Given complete discrete valuation fields $K$ and $L$, finite extension $K\subset L$, corresponding d.v.r. $\mathcal O_K$ and $\mathcal O_L$ with maximal ideals $\mathfrak{m}_K$ and $\mathfrak{m}_L$ is it true that $\mathcal O_K/ \mathfrak{m}_K \subset \mathcal O_L/\mathfrak{m}_L$ is a finite field extension.
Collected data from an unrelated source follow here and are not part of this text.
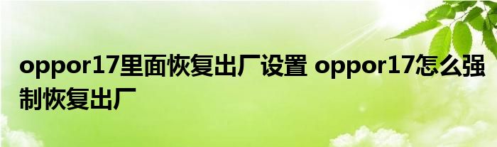 大家好,小琪來(lái)為大家解答以上問(wèn)題。oppor17里面恢復(fù)出廠設(shè)置,oppor17怎么強(qiáng)制恢復(fù)出廠這個(gè)很多人還不知道,現(xiàn)在讓我們一起來(lái)看看吧!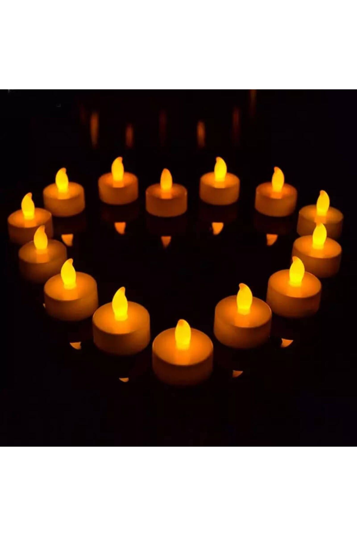 Ledli Mum Tealight Işıklı Dumansız Alevli Sarı Pilli Led Mum 4 Adet Pil Dahil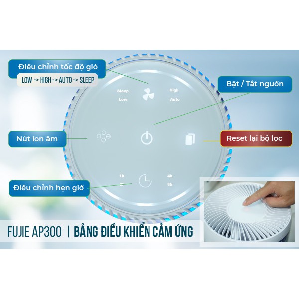 Giới thiệu Máy lọc không khí thông minh FujiE AP300 (kết nối Wifi, HEPA 3M-Mỹ, 4 cấp lọc,dùng phòng:12-20m2) Chính hãng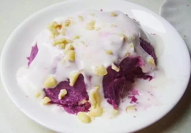 ❷ 紫薯蒸熟后,压成泥,加入蜂蜜搅拌均匀,也可加入些果仁。

I can see that one is subset of another, but why should this extension be finite?

Thank you.

Answer 1

You can show the following statement from which the result follows

If $\alpha_1,\dots,\alpha_n\in\mathcal O_L^\times$ are elements such that $\bar\alpha_1,\dots,\bar\alpha_n\in\mathcal O_L/\mathfrak m_L$ are linearly independent over $\mathcal O_K/\mathfrak m_K$, then $\alpha_1,\dots,\alpha_n$ are linearly independent over $K$.

Do this as follows:

1. Suppose $\bar\alpha_1,\dots,\bar\alpha_n$ are linearly independent over $\mathcal O_K/\mathfrak m_K$, and suppose you have an equation $c_1\alpha_1+\cdots+c_n\alpha_n=0$ in $L$ with $c_i\in K$.

2. Scale by the $c_i$ with largest absolute value so that, without loss of generality, you can assume some $c_i$ has absolute value $1$ and the rest $\le1$.

3. Consider the equation modulo $\mathfrak m_L$ and derive a contradiction.